What began in that hotel room had felt fleeting, at first. Something Jason would break as quickly as it had come to him. Something he didn't deserve to keep, even as willingly as she gave it. Impossible to imagine—that Marie might stay. A future as undefined as the blankness of the past. Jason didn’t dare, then, to hope for this.

Marie isn’t as animated now as she was then. She rests reassured of the trajectory she instigated. Nearly two years she's spent teaching Jason, letting him relearn his humanity through the pathway set by her touch.

She isn't touching him now. She just lies back and waits, hooded eyes lingering on Jason's hands on his clothes as he unbuttons his shirt. Her face is utterly calm, safe in the knowledge of what's going to happen.

It’s still raining outside. It won’t stop, pounding down against the rooftop. The humidity hangs heavy in the room. They shut the window above the bed too late; it left a damp misting on the pillowcases he’ll change later. After.

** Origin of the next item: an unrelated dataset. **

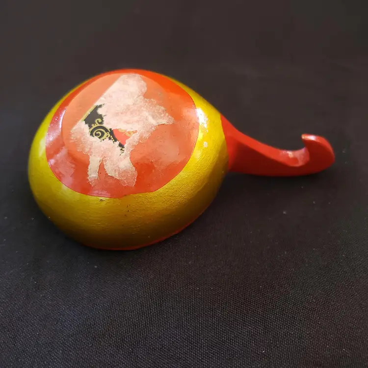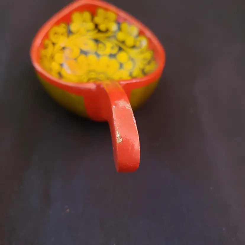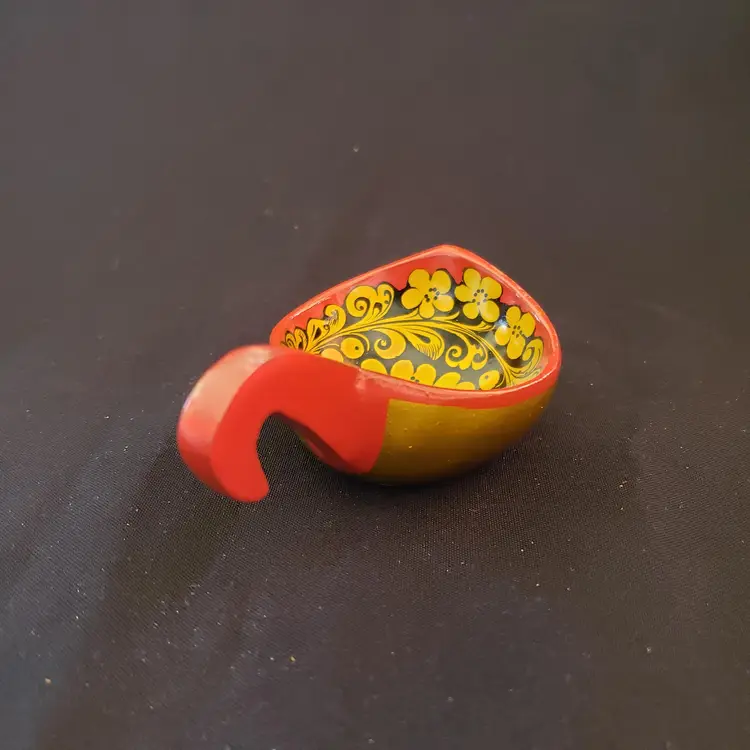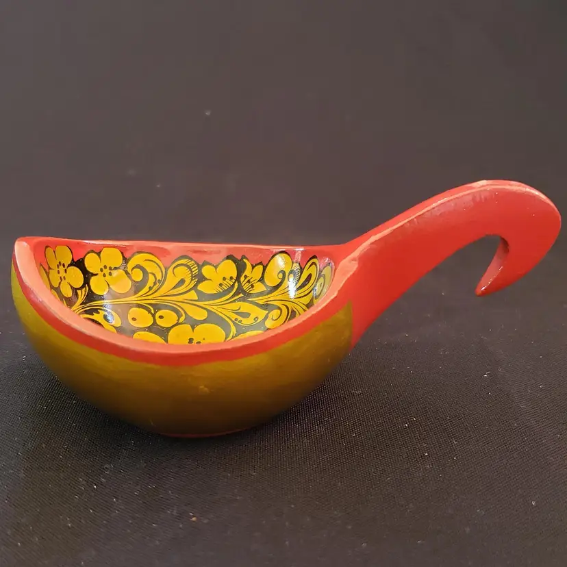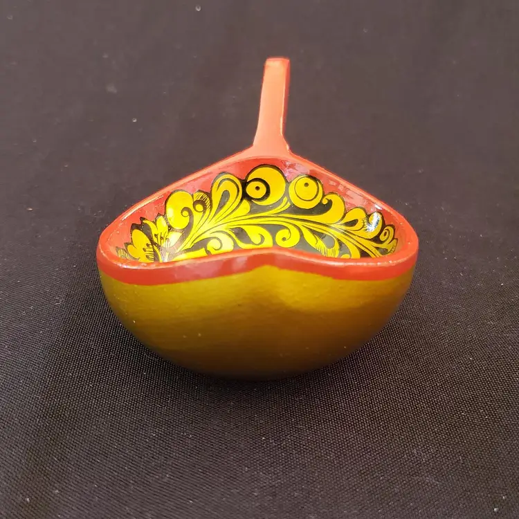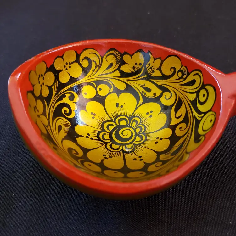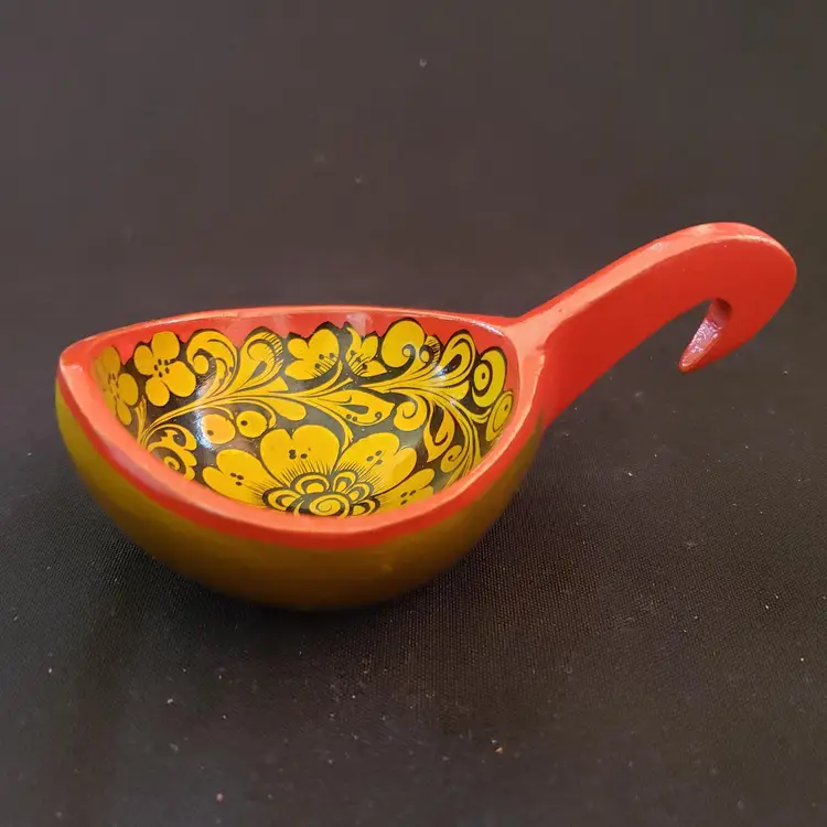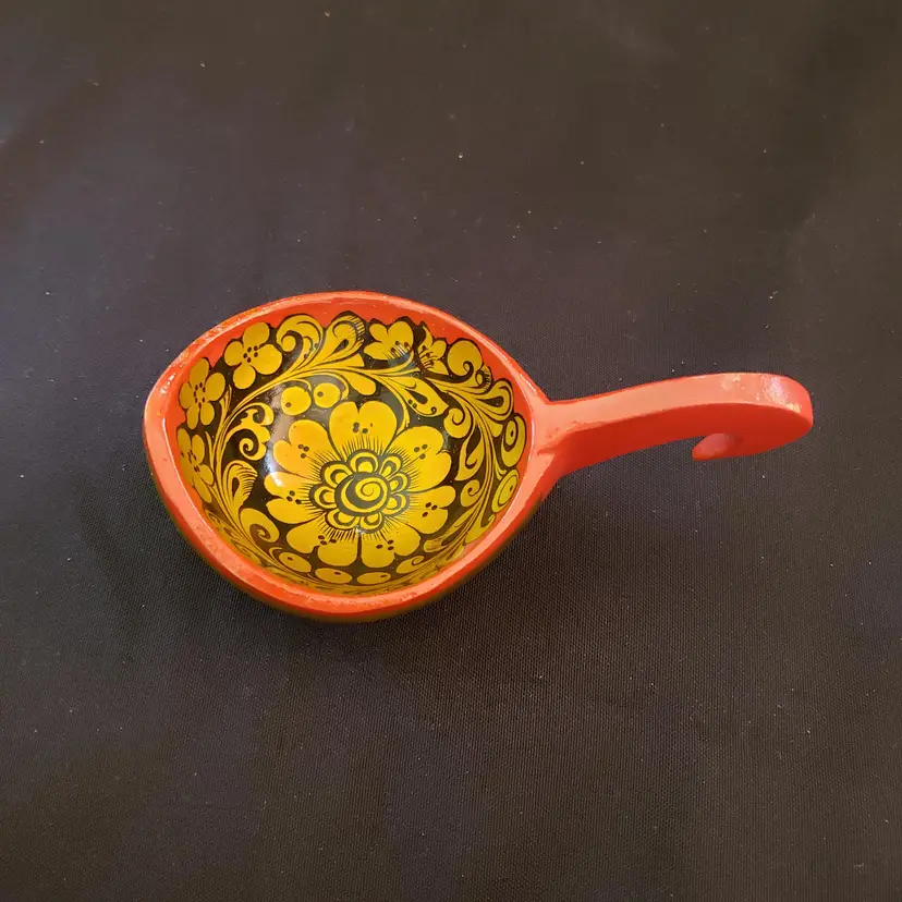 Wooden Scoop Handpainted Soviet Arts and Crafts Handmade USSR Ukraine Vintage 4⅜" long. Used condition missing paint, manufacturer flaws including dirt, bubbles, within the gloss. Please view all the photos and read the entire item description and please ask any questions prior to purchase when possible.

When Marie turns her head on the mattress towards where their hands are threaded together, she whispers so quietly the sound of rainfall drowns it out. Jason watches her mouth shape the syllables of his name instead. He knows it can't be real, just another identity created for him to adopt—but she's the first, and only, person he ever told it to. Unuttered to him for years by anyone else. In Marie's voice, in her mind, in her body, Jason's someone he could only ever be here. Only with her. Marie kisses the skin of his wrist and closes her eyes.

Keeping one hand in hers, Jason holds her jaw with the other. Turning her face back towards him, so that he catches every other noise Marie makes. Jason makes her listen to him, too. He tells Marie what she already knows, burying it against the side of her face. Above them, the rain resounds, ceaseless and enduring.